Fast chargers to the rescue
Around the world, one of the biggest impediments to consumer adoption of electric cars has been the scarcity of public networks of charging stations capable of quickly refreshing the batteries when drivers venture from home.
But that obstacle is being overcome by the adoption of fast-charging stations made by ABB that can recharge a car’s battery in a matter of minutes. More than 6,000 of these chargers are already installed in more than 55 countries and are being added along major highways in countries including Iceland, Germany, Bulgaria and Sri Lanka. Supported by ABB Ability™ digital network capabilities that can handle billing and payment, the charging stations are beginning to function as the EV equivalent of the petrol-station fuel pump.
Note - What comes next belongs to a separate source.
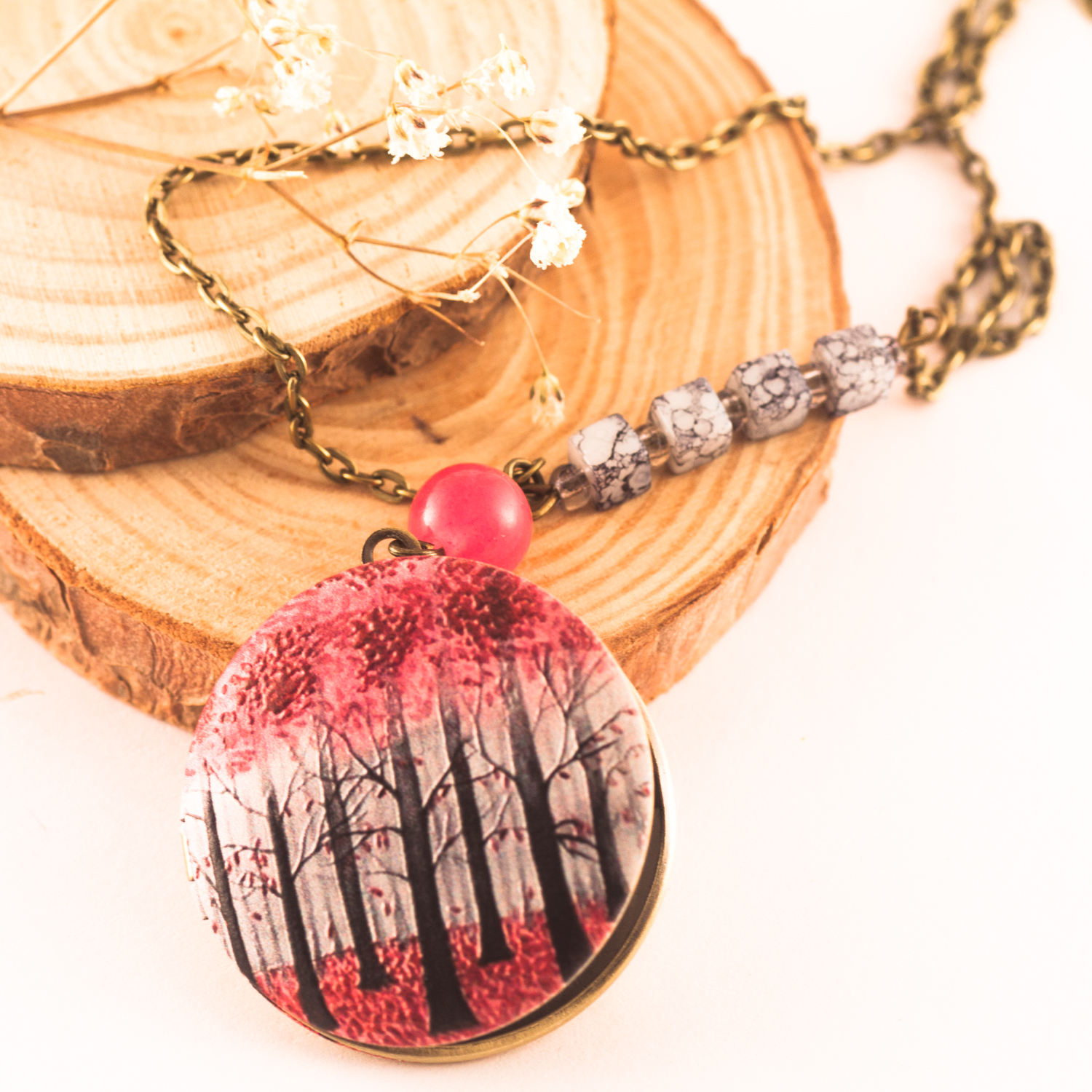 Collar Medallón de latón color bronce por detrás y pintado en relieve un precioso dibujo de árboles que se abre para poder introducir fotos, recuerdos, etc. Cuentas de cristal y cadena color bronce. Diseño exclusivo, muy pocas unidades disponibles, llevarás algo único y especial.
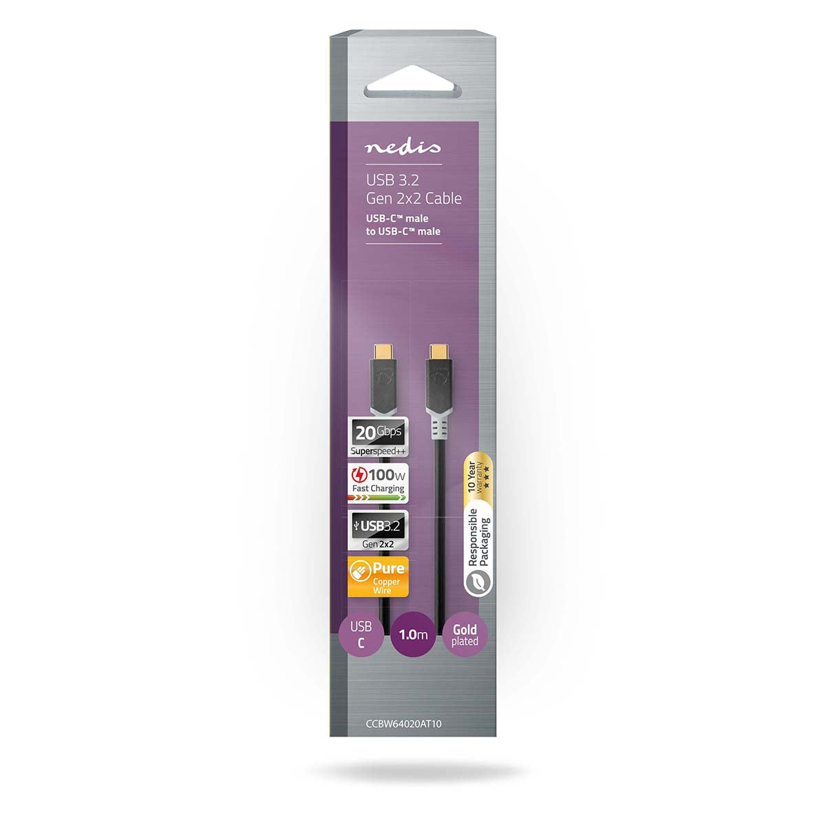 Ultraschnelles Laden und Datenübertragung mit 20 Gbps Geschwindigkeit und 100W Leistung. Goldene Anschlüsse für optimale Leistung. Geeignet für alle USB-C Geräte.

EVs, of course, are ultimately only as clean as the source of the electricity that powers them. To really achieve zero emissions, these electric vehicles must be powered by renewable energy.
Right now, nearly three-quarters of Mexico’s electricity is still generated by fossil-fuel-burning power plants. But the country has abundant potential for generating a significant amount of its power from renewable sources, including hydro, wind, solar and geothermal.
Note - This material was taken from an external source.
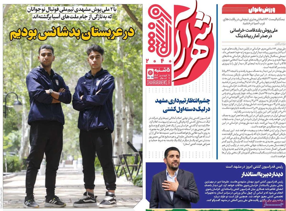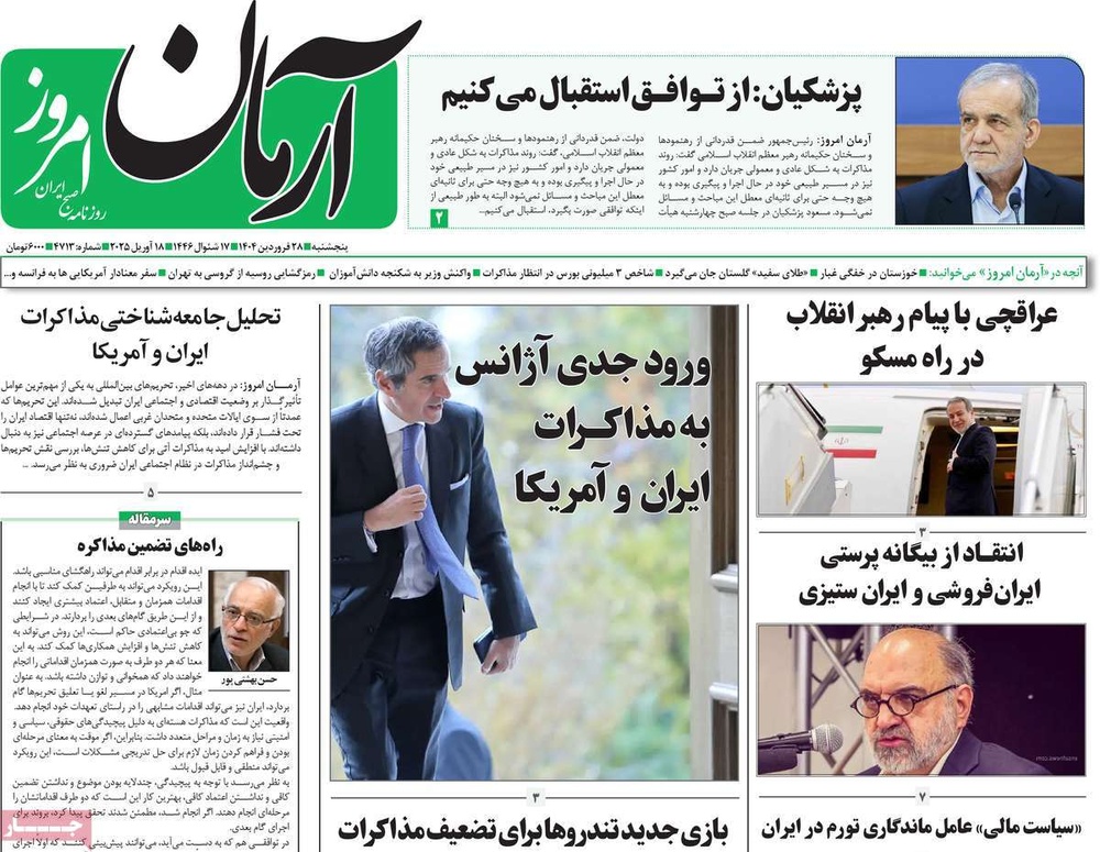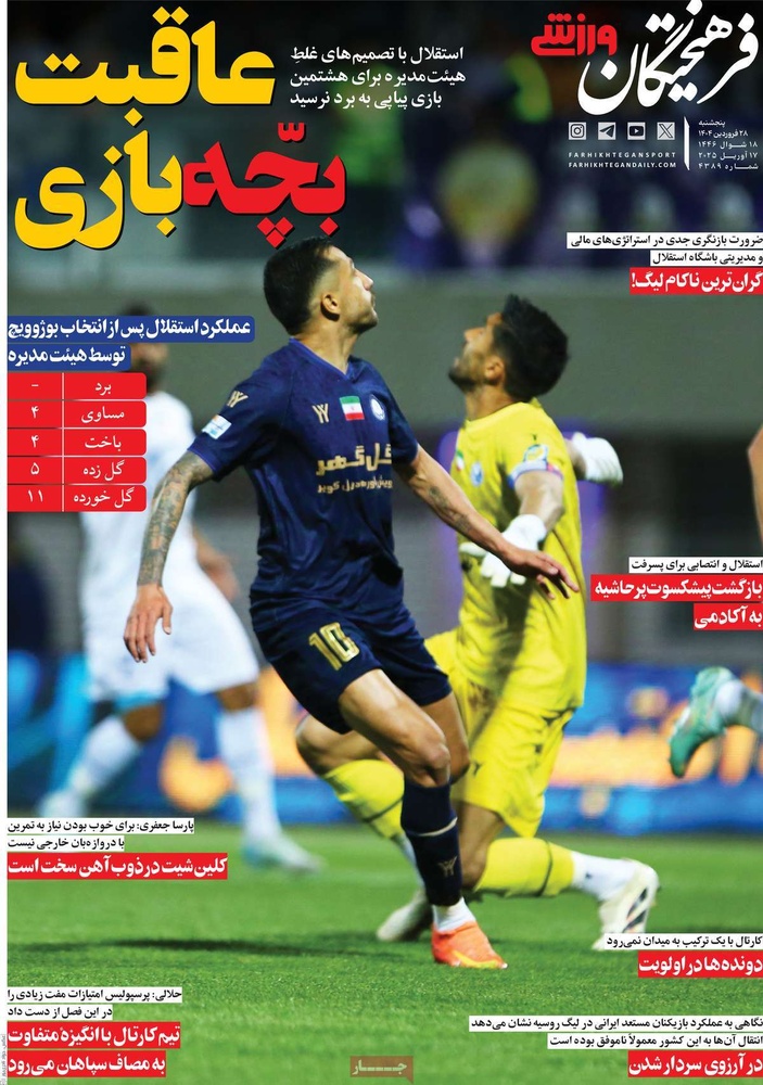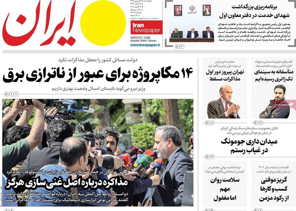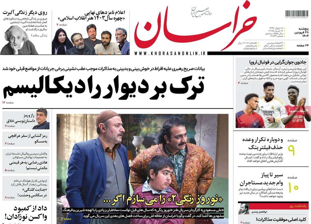 مطبوعات ۲۸ فروردین ۱۴۰۴ - ۰۹:۲۷ کد مطلب: 138309 دریافت تصاویر صفحه اول روزنامههای پنجشنبه ۲۸ فروردینماه ۱۴۰۴ برچسبها مطبوعات

The Italian energy company Enel has been actively building wind, solar and hydropower installations around Mexico. The work includes a big wind farm, called Amistad, under construction in the state of Coahuila, which borders the U.S. state of Texas. ABB is providing crucial circuit-breaker technology to Enel’s Amistad farm.
Bridging the long-distance power gap
Installing big solar or wind farms in densely populated Mexico City would not be feasible. But geography is no longer an impediment to sustainable energy. Long-distance transmission of high-voltage power is another specialty of ABB, a global leader in so-called ultra-high voltage direct current (UHVDC) systems.
By transporting electricity as direct current (DC), and then converting it back to the alternating current (AC) used by the power grid, ABB’s UHVDC links can transmit vast amounts of electricity across long distances. There is little loss of energy and little need for the many specialized transformers and other supporting systems along the route that would be needed with long-distance AC transmission.
A recently commissioned ABB UHVDC link, for example, now carries hydropower from the North-Eastern and Eastern regions of India. The electricity is sent more than 1,700 kilometers to the region surrounding Agra, a city of 1.6 million people (and home of the Taj Mahal) that has long struggled with air pollution from fossil-fueled power plants and vehicles. The power carried by that link, for distribution across north India, could meet the needs of 90 million people.
ABB is also delivering and installing UHVDC technology in China, which has the highest proportion of electric vehicles in the world. UHVDC systems operating at over 1,100 kilovolts enable China to carry the energy resources from its western and northwestern regions to major consumption centers, which are located mainly in the east. In China’s populous eastern cities, air pollution from fossil-fuel cars and coal-burning power plants have been a major drawback to that country’s rapid economic development.
In Mexico, UHVDC technology, carrying clean power from the parts of the country best suited to producing it – like the Amistad wind farm, nearly 1,300 kilometers away from Mexico City – could bring sustainable energy to the city. And there, ABB’s expertise in power management and integrating alternative energy into the public grid could be put to good use – and help power all those electric cars and fast chargers that would give the city a cleaner, more climate-friendly future.
“If cars are going to be the preferred mode of mobility for the people of Mexico City,” said Frank Muehlon, “it makes sense to adopt the technologies that can make electric mobility feasible and sustainable.”